In its report last year on best practices for facial recognition technology, the FTC specifically addressed scenarios where companies use facial recognition to identify anonymous images of a consumer to someone who could not otherwise identify him or her, pointing to mobile apps that could permit users to surreptitiously discover information about people on the street. Noting “the significant privacy and safety risks that such an app would raise,” the FTC suggested that “only consumers who have affirmatively chosen to participate in such a system should be identified.”

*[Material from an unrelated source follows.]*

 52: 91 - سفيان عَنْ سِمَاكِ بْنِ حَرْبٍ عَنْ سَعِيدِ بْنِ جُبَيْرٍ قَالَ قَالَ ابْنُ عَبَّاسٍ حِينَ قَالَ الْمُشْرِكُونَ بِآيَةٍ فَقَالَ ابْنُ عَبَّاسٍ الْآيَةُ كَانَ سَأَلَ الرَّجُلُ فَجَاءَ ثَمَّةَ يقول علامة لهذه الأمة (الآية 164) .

As a practical matter, for now, facial recognition on Glass could be tied to a user’s social network. Information that a user has access to about people out in the world would reflect information shared on that social network. Though a heads-up display could be permitted to recognize only “friends,” it seems inevitable that this technology will creep beyond this sort of artificial barrier. Drawing the line will be incredibly difficult. For example, what reason would there be to exclude professional email contacts or prominent public figures from being identified? With some work, almost anyone who has set foot in a public space can be visually identified. Facial recognition on wearable devices simply lowers this already-diminishing bar. Empowering the general public to affirmatively choose to participate in broad-based, public facial recognition on the scale offered by wearable technologies poses a tremendous challenge to many of our traditional privacy protection tools.

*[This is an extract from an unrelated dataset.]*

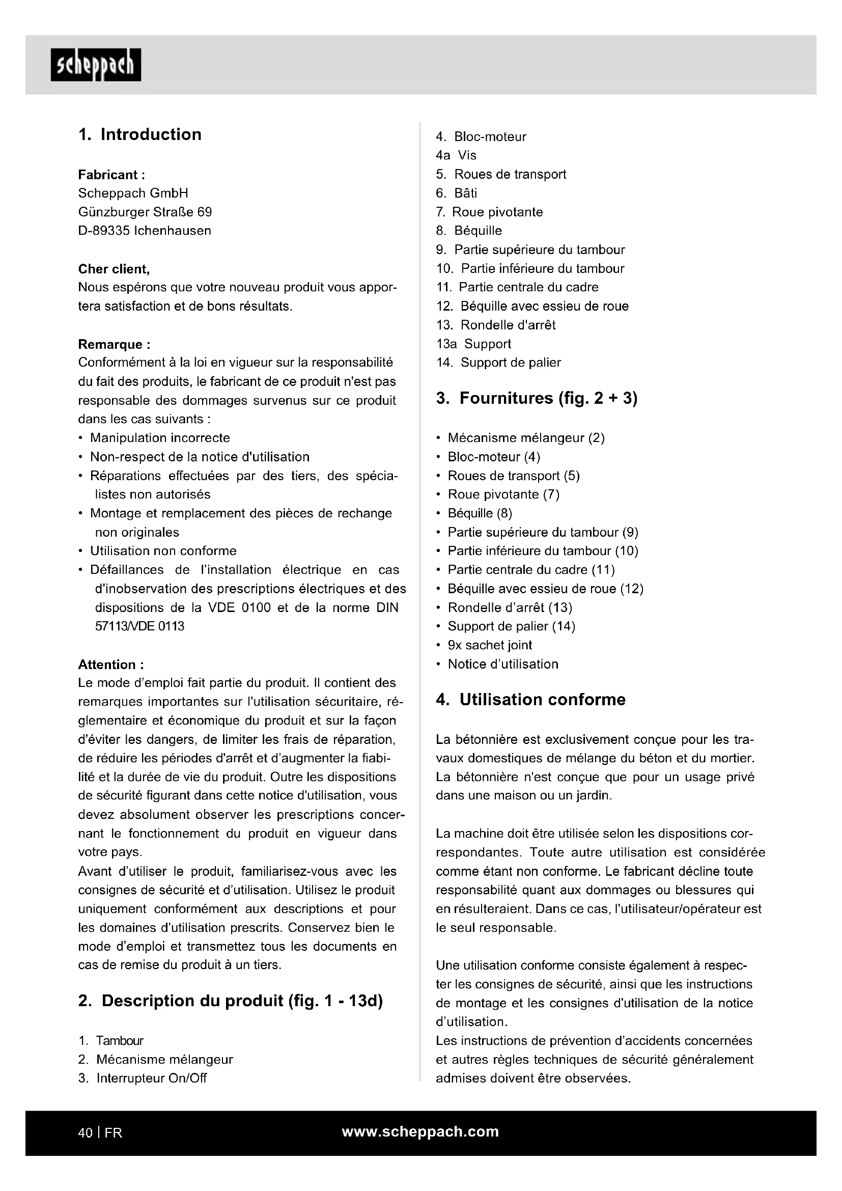 Fabricant : Scheppach GmbH Günzburger Straße 69 D-89335 Ichenhausen Cher client, Nous espérons que votre nouveau produit vous appor- tera satisfaction et de bons résultats. Remarque : Conformément à la loi en vigueur sur la responsabilité du fait des produits, le fabricant de ce produit n'est pas responsable des dommages survenus sur ce produit dans les cas suivants :

Stopping the collection of this information may prove impossible. Even as Google has pledged to limit facial recognition abilities on Glass, Lambda Labs, which provides facial recognition services, have indicated that facial recognition is “a core feature” of wearable technology and that “Google will allow it or be replaced with something that does.” While creating a comprehensive opt-out program will likely serve as one potential solution, such a system could create further privacy problems by requiring the collection of facial information in order for the application to “know” to ignore that face in the future. Another option could be for other wearable tech to send signals not to identify an individual’s face, creating a Google Glass duel of sorts.
However, the challenge of stopping or restricting facial data collection suggests a focus on regulating potential uses could be more productive. We could attempt to draw distinctions among what facial recognition is being used to accomplish—is it being used to assist or augment the user’s memory? For example, using facial recognition technology to help recall a distant, long absent relative could be distinguished from using additional data sources to learn about someone as you sit across from them at a table. Further, facial recognition applications could provide information based on contextual cues, such as identifying restaurant managers and staff at a restaurant while ignoring other people. In the end, applications will need to specifically enumerate how they will use the facial data they are collecting.
Both software developers and device manufacturers need to think creatively about how to establish guidelines around facial recognition technology. The alternative is a complete loss of anonymity in public, or a complete transformation of the public sphere into a place where individuals must cover up, lower their gazes, and avert their eyes—all actions that seem contrary to Google Glass’ effort to present individuals with new ways to experience our world.